The International Agency for Research on Cancer (IARC) of the World Health Organization (WHO) launched the INTERPHONE study in 2000. As the largest case-control study on the use of mobile phones and brain tumours, INTERPHONE collected and evaluated epidemiological data and information on the use of mobile phones from 13 countries (Australia, Canada, Denmark, Finland, France, Germany, Israel, Italy, Japan, New Zealand, Norway, Sweden and the UK).

The participants in the INTERPHONE study were between 30 and 59 years old. The study included 2,708 cases of glioma, 2,409 meningiomas and 1,105 acoustic neuromas in the period from 2000 to 2004, as well as an equal number of matched healthy comparison subjects (controls). In the study design of case-control studies, cases and corresponding controls are selected in such a way that they are comparable with regard to possible confounding factors such as age and gender in a procedure known as matching. The main analysis showed no statistically significant increase in risk for these brain tumours overall, but a subgroup analysis revealed an increased risk of glioma^[1] and acoustic neuroma^[2] in people with a very high total call duration.

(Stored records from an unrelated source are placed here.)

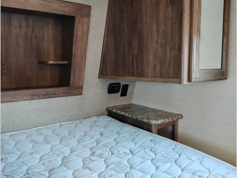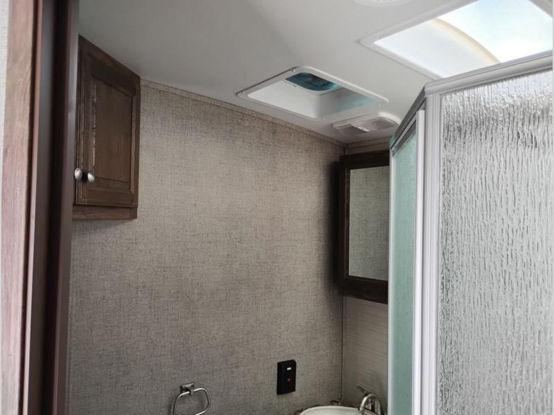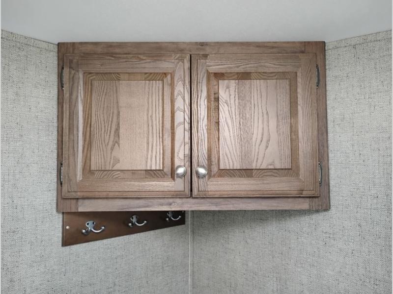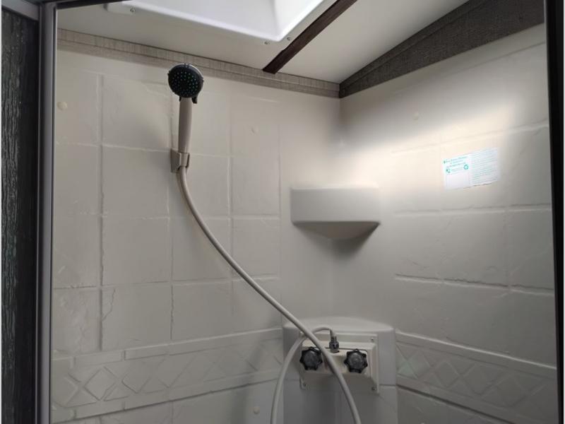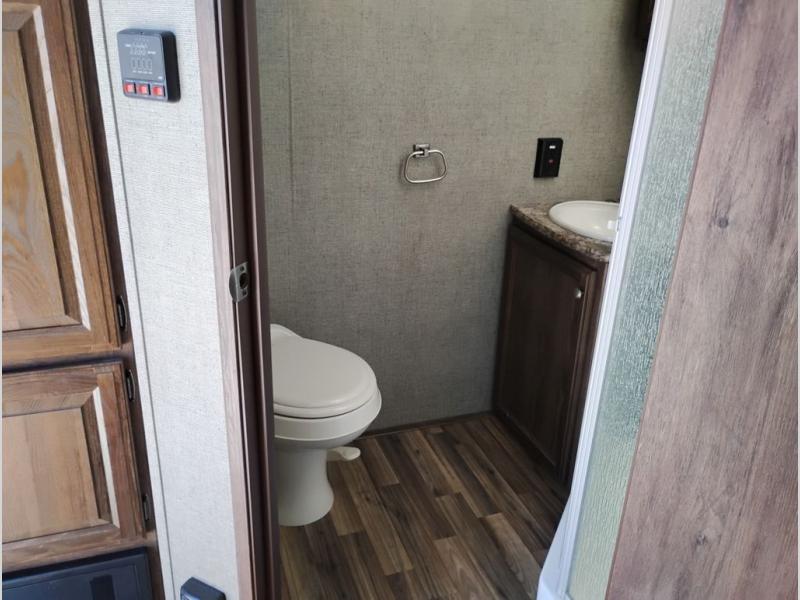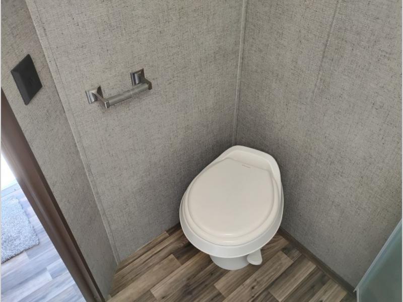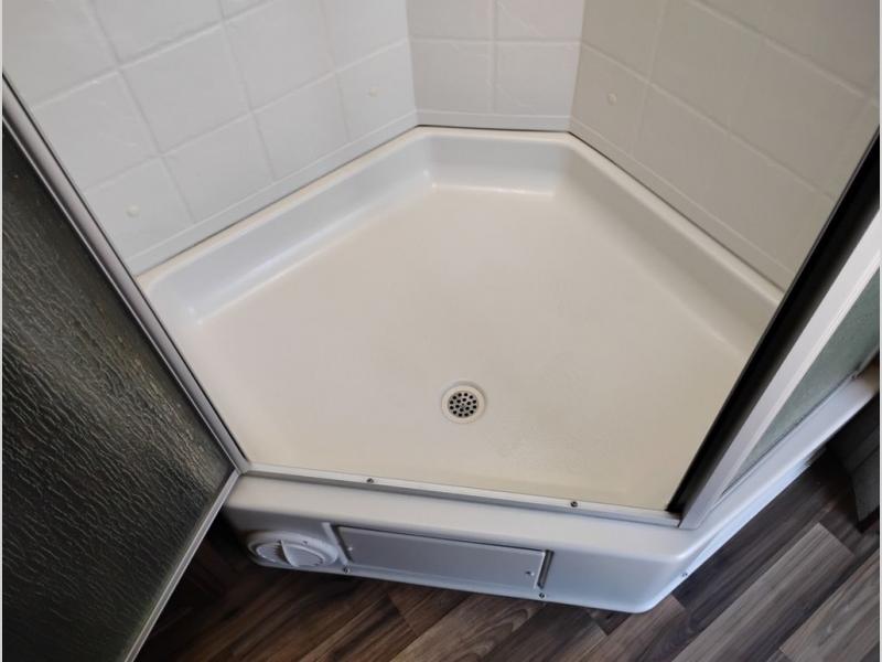 Model 21RBS offers plenty of storage both inside and out starting just inside the side entry door with a closet/pantry on your immediate left. Straight ahead there is a corner bath with neo-angled shower, toilet and sink.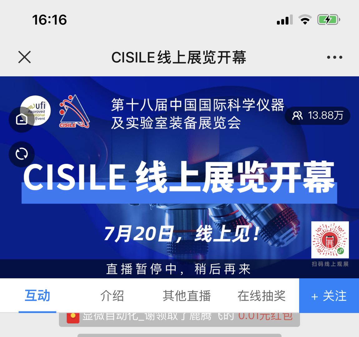 截至2020年7月20日14:00,線上直播活動CISILE官方直播入口觀看人次超過11萬,未計入中國化工儀器網、分析測試百科網的轉播觀看人次。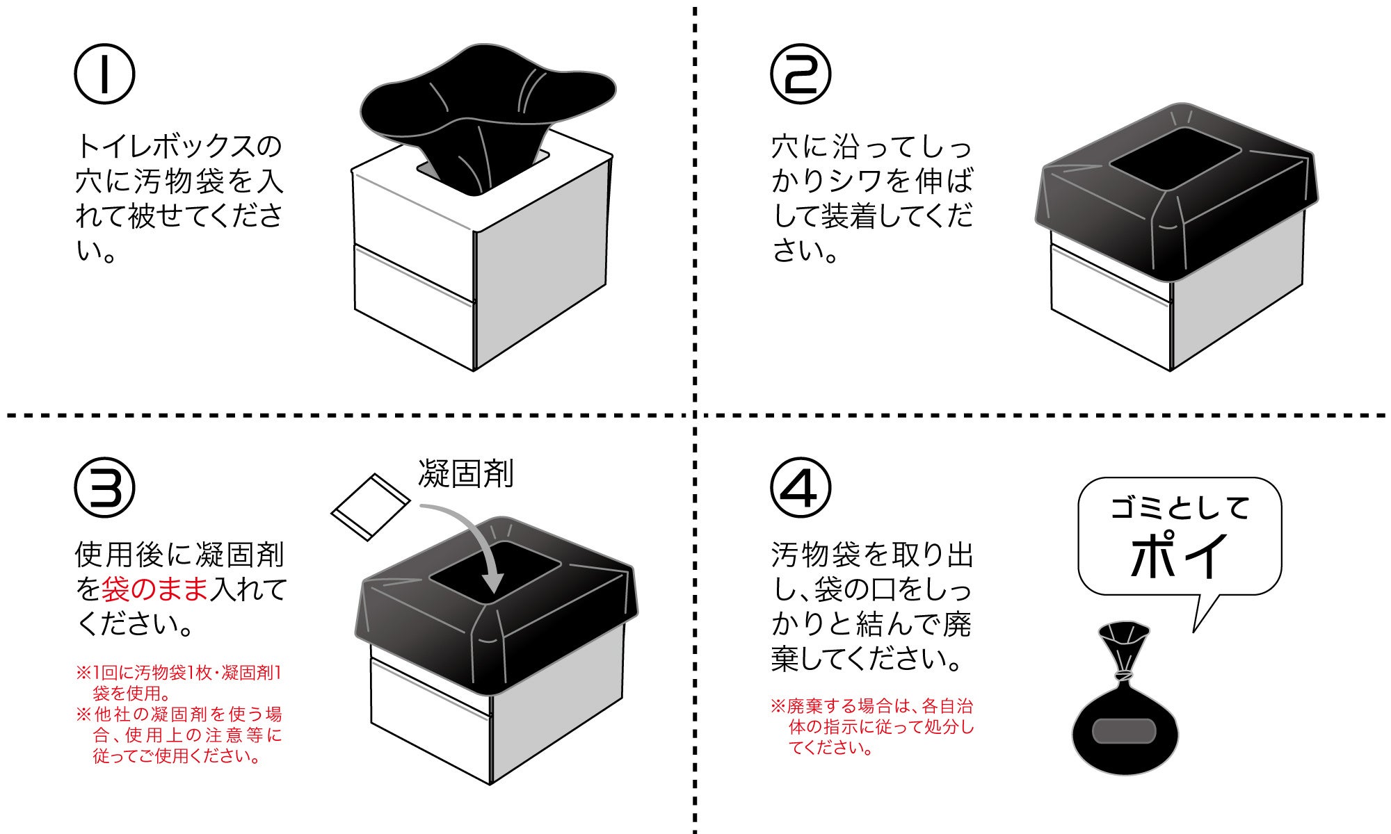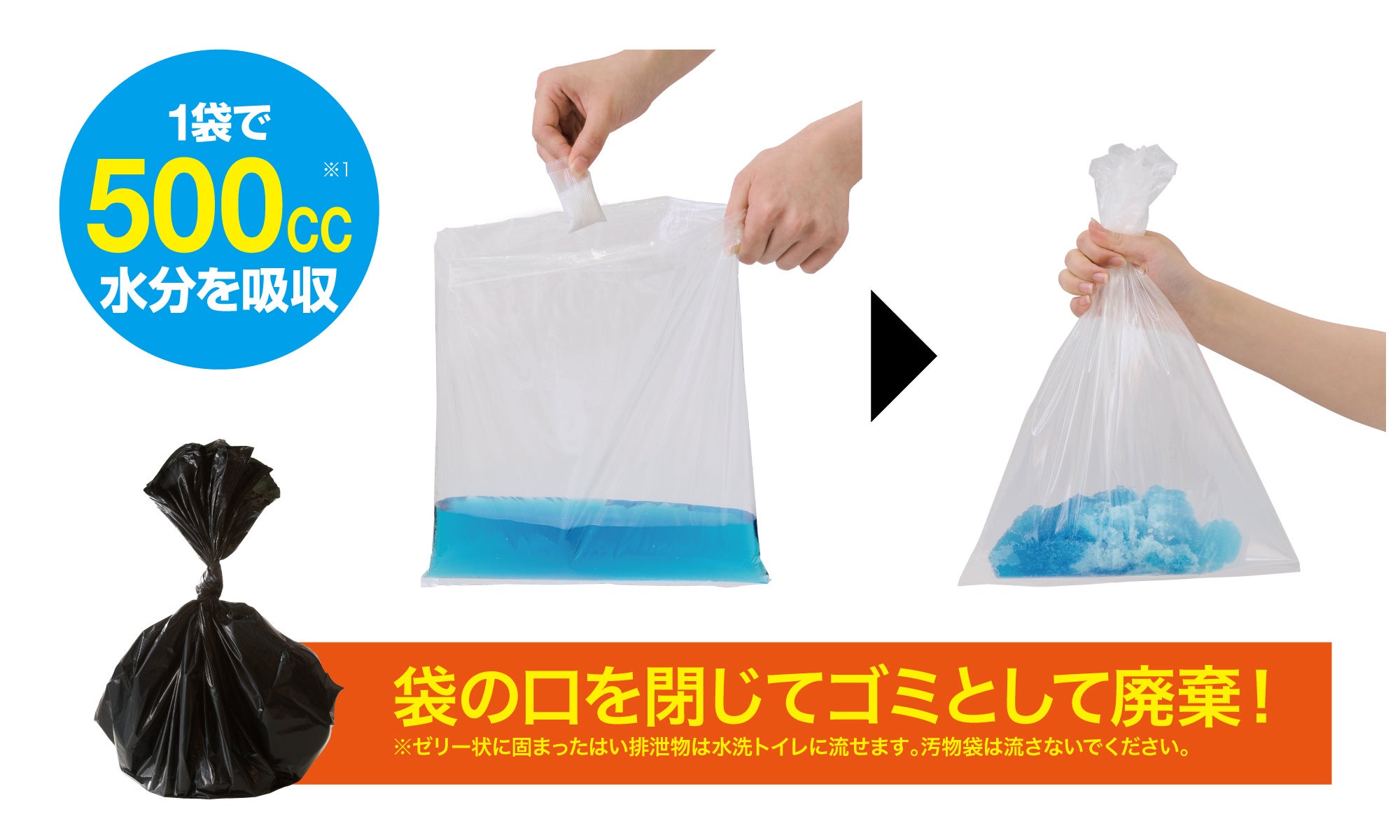 ※ゼリー状に固まった排泄物は水洗トイレで流せますが、汚物袋は流さないでください。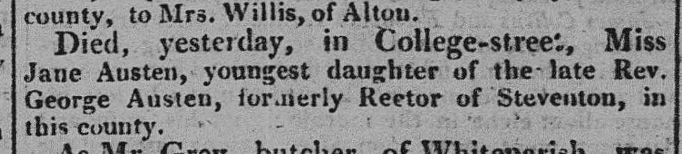 Extract from Hampshire Chronicle, Monday 21 July 1817 referring to the death of Jane Austen.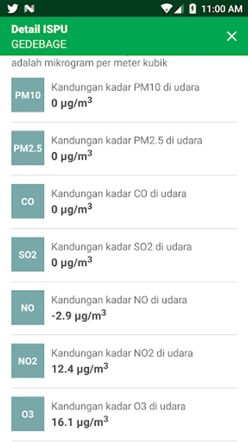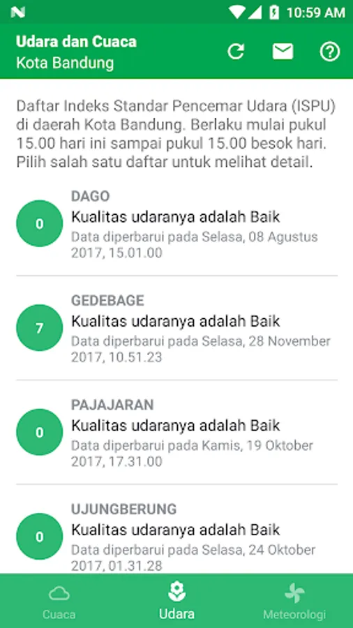 Within this application, there is a list of the value of air pollution index (ISPU) which bersumberkan of air quality monitoring sensors belonging to the Department of Environment and Hygiene Bandung. With the sensor monitors air quality in the area Gedebage, Padjadjaran, Edge Berung, and Dago.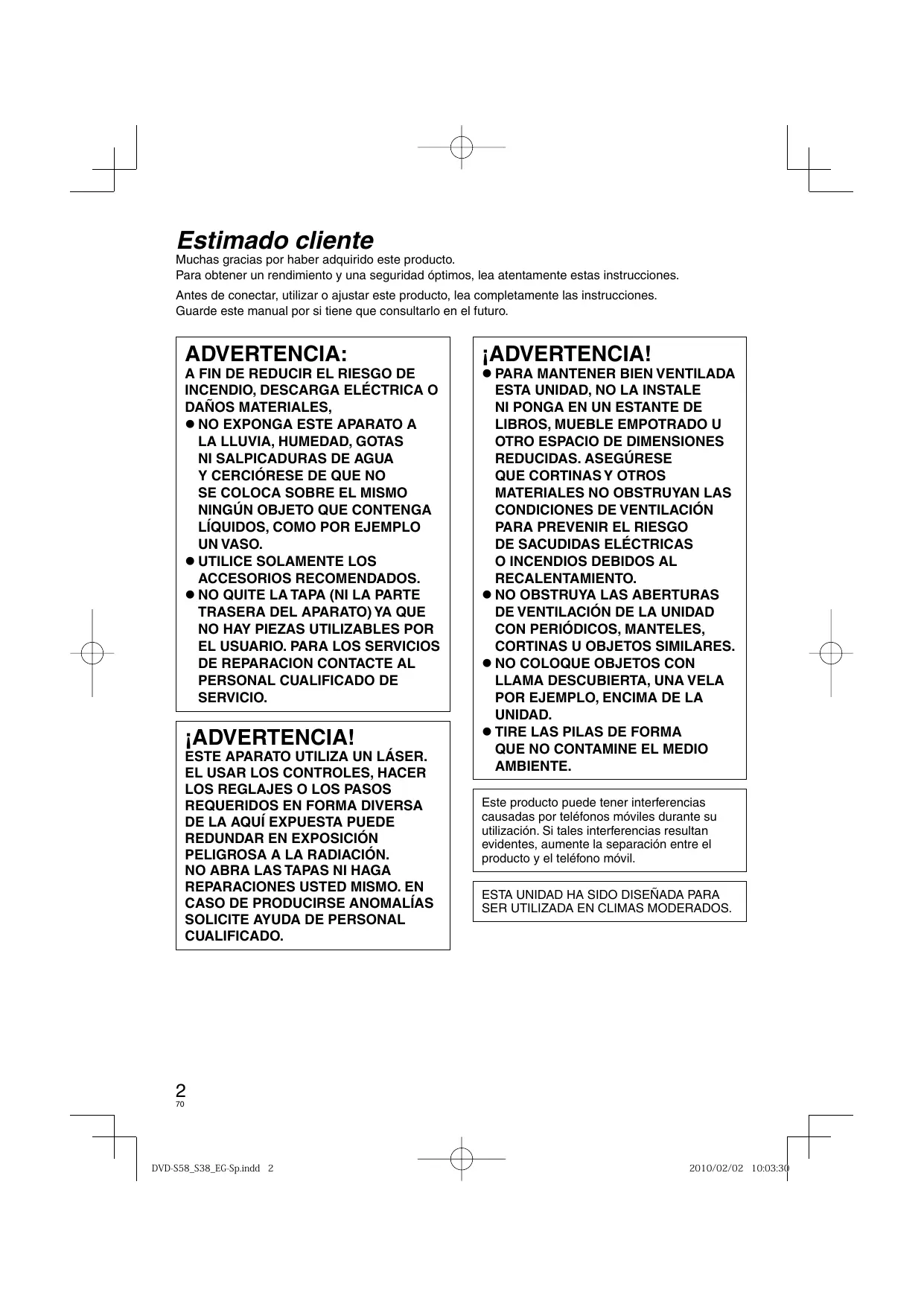 - Esta unidad es compatible con la función “HDMI CEC”. Especificación LÁSER Producto LÄSER Clase I: Longitud de onda: 770 a 800 nm (CD)/645 a 660 nm (DVD) Alimentación: CA 230 V, 50 Hz Consumo de energía: aprox. 10 W Consumo de energía en el modo de espera: menos de 1 W Dimensiones (Ancho x Largo x Alto) [DVD-S58]:430 mm x 209 mm x 38 mm [DVD-S38]: 360 mm x 209 mm x 38 mm Peso: [DVD-S58] aprox. 1,8 kg [DVD-S38] aprox. 1,6 kg

At about the same time, a retrospective cohort study was set up in Denmark to address the same question. To this end, data from Danish mobile phone operators was linked with data from the Danish Cancer Registry. For the observation periods 1996-2001 and 2002-2007, no increase in the risk of brain tumours was observed in over 420,000 mobile phone users.^{[3, 4]}

In another cohort study from the United Kingdom (the Million Women Study), no increased risk of glioma or meningioma was observed based on self-reported mobile phone use^[5]. Although an increased risk of acoustic neuroma was observed in the first follow-up to this study^[5], this increase was no longer evident in a further study based on a longer follow-up^[6]. This was also confirmed in the most recent follow-up, whose results were published in 2022.^[7]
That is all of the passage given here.